Integrity in Science: [Robert] Balling – Center for Science in the Public Interest, 15/08/2010
“Director, Master of Advanced Study in Geographic Information System, Arizona State University, Phoenix. Received funding from fossil-fuel industry’s organizations that exceeded $679,000 from 1989 to 2002; served as science advisor to Greening Earth Society, which was founded by the Western Fuels Association [ref]. Since the mid-1980s, more than 25 percent of funding for his research that is critical of greenhouse theory came from companies with vested interests in carbon dioxide-producing fossil fuels; received funding from ExxonMobil, the German Coal Mining Association, and the British Coal Corporation [ref]. Received funding from and/or was underwritten by the Kuwaiti government, Cyprus Minerals Company, and other foreign coal mining corporations… Balling stated that he received $408,000 in research support from fossil-fuel industries in the past 10 years [ref] Received over $300,000 in research funding and honoraria from oil companies and the Kuwaiti government [ref].”
Ross Gelbspan (1998) – The Heat Is on: The Climate Crisis, the Cover-Up, the Prescription – Basic Books (Perseus Books Group) – Pulitzer Price
“While testifying in St. Paul, Pat Michaels revealed under oath that he had received more than $165,000 in industry and private funding over the previous five years – funding he had never previously disclosed. Not only did Western Fuels fund both his publications, he disclosed, but it provided a $63,000 grant for his research. Another $49,000 came from the German Coal Mining Association. A smaller grant came from the Edison Electric Institute. Michaels also listed a grant of $40,000 from the western mining company Cyprus Minerals.” (p. 40-41)
Ross Gelbspan (1998) – The Heat Is on: The Climate Crisis, the Cover-Up, the Prescription – Basic Books (Perseus Books Group) – Pulitzer Price – ISBN-13: 978-0738200255 – 288 Págs.
“The biggest organizational member of the [Wise Use] movement was a group called People for the West», whose larger funder, with at least $100,000 in donations, was Cyprus Minerals. According to the Clearinghouse in Environmental Advocacy and Research, as recently as 1995 Cyprus Minerals’ director of governmental affairs was a member of the board of directors of People for the West!” (p. 41)
Ross Gelbspan (1998) – The Heat Is on: The Climate Crisis, the Cover-Up, the Prescription – Basic Books (Perseus Books Group) – Pulitzer Price – ISBN-13: 978-0738200255 – 288 Págs.
“In his collaborations with Sherwood Idso, Balling has received about $50,000 in research funding from Cyprus Minerals, as well as a separate grant of $4,900 from Kenneth Barr, who at the time was CEO of Cyprus.
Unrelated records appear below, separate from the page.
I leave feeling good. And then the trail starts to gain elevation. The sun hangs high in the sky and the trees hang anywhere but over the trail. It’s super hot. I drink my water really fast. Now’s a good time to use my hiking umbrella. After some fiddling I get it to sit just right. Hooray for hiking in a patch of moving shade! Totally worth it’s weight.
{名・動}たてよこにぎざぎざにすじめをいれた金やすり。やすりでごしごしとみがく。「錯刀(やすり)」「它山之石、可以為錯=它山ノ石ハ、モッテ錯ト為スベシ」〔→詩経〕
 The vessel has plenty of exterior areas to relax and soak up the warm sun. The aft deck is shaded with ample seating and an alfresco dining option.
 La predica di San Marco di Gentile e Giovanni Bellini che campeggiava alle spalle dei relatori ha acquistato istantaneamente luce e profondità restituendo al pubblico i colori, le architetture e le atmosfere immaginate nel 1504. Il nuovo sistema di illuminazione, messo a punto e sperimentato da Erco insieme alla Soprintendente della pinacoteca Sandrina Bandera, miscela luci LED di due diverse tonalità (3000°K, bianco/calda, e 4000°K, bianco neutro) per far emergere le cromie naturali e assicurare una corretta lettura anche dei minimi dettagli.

The German Coal Mining Association has provided about $80,000 in funding for Balling’s work. The British Coal Corporation has kicked in another $75,000. Balling disclosed his industry funding under oath during the administrate hearings in Minessota in 1995.”
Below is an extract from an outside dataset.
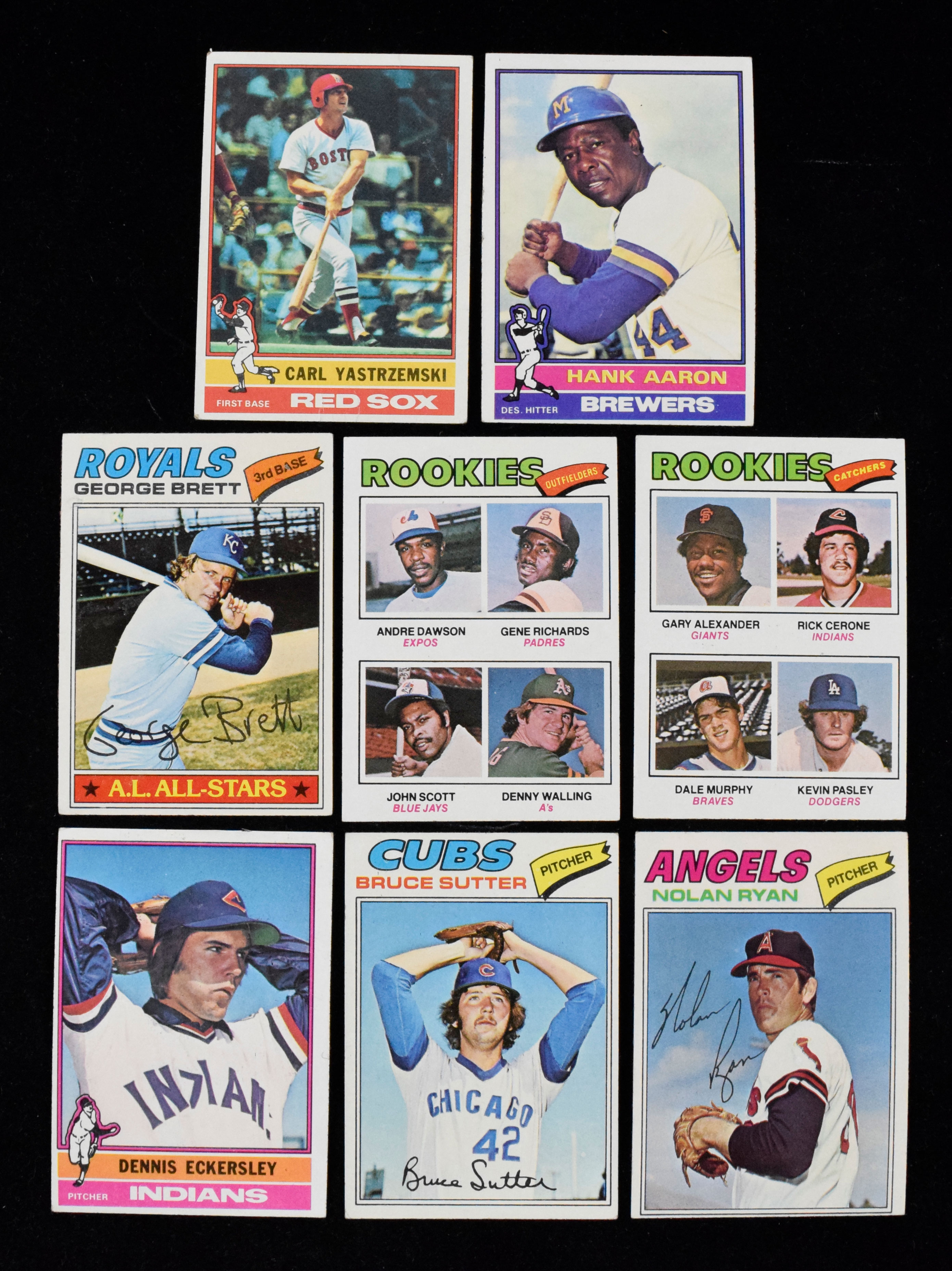 Description:Lot of (2) 1976 and 1977 Topps partial sets with HOFers and RCs, including Eckersley and Dawson RCs (PR-EX). Lot is optimal for someone looking to complete 1976 and 1977 Topps sets. Includes a 1976 Topps partial with 623 diff. cards (a few are OPC), plus a 44-card Traded set for a (667/704) partial set, and a (605/660) 1977 Topps partial set. Both sets are missing several key Hall of Famers and RCs, but both also include a good portion of the key cards. Most cards appear VG-VG/EX, including some marked checklists. Range: PR-EX.

Richard Littlemore – The Inconvenient Truth about Robert C. Balling – Desmogblog, 20/07/2006 – http://www.desmogblog.com/the-inconvenient-truth-about-robert-c-balling
“As with a clutch of other industry-funded academics who quibble over climate change, Dr. Balling is happy to use his Ph.D. and his title to suggest expertise and to imply scientific objectivity. But readers might be better able to judge the quality of his input if they knew that he has been the eager recipient of funding from such philanthropic organizations as ExxonMobil, the British Coal Corporation, Cyprus Minerals and OPEC. Per the link above, Sourcewatch lists his take from these sources at a little over $400,000 in the last 10 years.”